──────── Exercise data

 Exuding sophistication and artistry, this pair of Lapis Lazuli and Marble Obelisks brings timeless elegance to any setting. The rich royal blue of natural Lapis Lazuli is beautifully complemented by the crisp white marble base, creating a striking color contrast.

────────────────
──────── Exercise data

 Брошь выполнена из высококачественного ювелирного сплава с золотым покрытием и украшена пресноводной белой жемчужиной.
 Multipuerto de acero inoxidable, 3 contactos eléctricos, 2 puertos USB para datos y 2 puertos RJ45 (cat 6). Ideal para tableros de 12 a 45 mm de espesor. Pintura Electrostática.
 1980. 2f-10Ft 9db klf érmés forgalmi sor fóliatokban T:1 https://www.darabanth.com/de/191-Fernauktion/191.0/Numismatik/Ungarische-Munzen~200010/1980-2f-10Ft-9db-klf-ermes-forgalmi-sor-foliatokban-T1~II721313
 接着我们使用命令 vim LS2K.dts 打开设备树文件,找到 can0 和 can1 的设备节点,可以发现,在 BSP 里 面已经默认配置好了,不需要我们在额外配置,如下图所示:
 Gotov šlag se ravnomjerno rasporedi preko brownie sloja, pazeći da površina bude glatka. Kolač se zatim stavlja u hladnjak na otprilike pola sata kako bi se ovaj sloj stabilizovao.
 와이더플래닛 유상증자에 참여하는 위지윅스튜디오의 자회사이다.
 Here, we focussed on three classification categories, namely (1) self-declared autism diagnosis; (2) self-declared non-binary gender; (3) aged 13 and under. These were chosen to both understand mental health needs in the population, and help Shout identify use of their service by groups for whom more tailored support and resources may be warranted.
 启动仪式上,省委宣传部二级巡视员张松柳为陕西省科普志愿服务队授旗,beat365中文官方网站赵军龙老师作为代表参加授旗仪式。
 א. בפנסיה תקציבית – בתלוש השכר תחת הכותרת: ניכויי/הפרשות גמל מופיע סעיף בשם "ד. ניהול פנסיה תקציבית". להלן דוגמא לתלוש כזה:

────────────────
──────── Exercise data

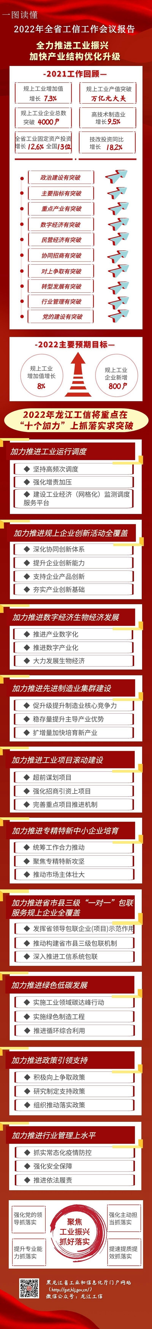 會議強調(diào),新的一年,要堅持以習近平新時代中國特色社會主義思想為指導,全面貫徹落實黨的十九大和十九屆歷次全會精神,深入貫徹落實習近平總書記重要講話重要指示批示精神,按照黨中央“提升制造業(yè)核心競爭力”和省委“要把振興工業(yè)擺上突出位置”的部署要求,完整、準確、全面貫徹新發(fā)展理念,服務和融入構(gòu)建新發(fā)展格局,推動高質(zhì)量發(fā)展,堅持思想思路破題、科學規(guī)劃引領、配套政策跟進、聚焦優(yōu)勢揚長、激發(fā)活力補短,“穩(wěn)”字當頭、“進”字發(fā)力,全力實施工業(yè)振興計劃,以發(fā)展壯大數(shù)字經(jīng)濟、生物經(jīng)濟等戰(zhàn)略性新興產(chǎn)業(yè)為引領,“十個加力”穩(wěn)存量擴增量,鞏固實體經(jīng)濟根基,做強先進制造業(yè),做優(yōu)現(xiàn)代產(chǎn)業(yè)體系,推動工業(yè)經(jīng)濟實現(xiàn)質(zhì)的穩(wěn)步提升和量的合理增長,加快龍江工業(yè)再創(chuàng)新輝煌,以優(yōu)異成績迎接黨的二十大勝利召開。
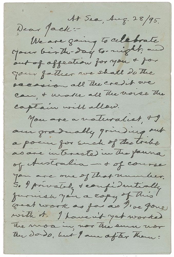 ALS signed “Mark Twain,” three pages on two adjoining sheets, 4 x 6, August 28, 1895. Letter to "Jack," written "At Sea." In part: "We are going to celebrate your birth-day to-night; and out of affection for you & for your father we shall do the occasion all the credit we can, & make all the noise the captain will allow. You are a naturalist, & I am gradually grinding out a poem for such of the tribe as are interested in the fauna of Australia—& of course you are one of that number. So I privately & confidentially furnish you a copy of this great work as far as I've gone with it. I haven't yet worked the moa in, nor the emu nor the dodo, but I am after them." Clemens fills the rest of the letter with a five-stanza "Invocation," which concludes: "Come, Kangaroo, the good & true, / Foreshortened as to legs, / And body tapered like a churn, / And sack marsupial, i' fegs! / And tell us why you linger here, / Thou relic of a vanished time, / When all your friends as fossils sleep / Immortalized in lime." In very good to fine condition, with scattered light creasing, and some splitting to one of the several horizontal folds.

────────────────

About this task
Give back, unchanged, the run of lines in the listing above that begins at the line containing "Gotov šlag se" and ends at the line containing "启动仪式上,省委宣传部二级巡", both included.

Written response
 Gotov šlag se ravnomjerno rasporedi preko brownie sloja, pazeći da površina bude glatka. Kolač se zatim stavlja u hladnjak na otprilike pola sata kako bi se ovaj sloj stabilizovao.
 와이더플래닛 유상증자에 참여하는 위지윅스튜디오의 자회사이다.
 Here, we focussed on three classification categories, namely (1) self-declared autism diagnosis; (2) self-declared non-binary gender; (3) aged 13 and under. These were chosen to both understand mental health needs in the population, and help Shout identify use of their service by groups for whom more tailored support and resources may be warranted.
 启动仪式上,省委宣传部二级巡视员张松柳为陕西省科普志愿服务队授旗,beat365中文官方网站赵军龙老师作为代表参加授旗仪式。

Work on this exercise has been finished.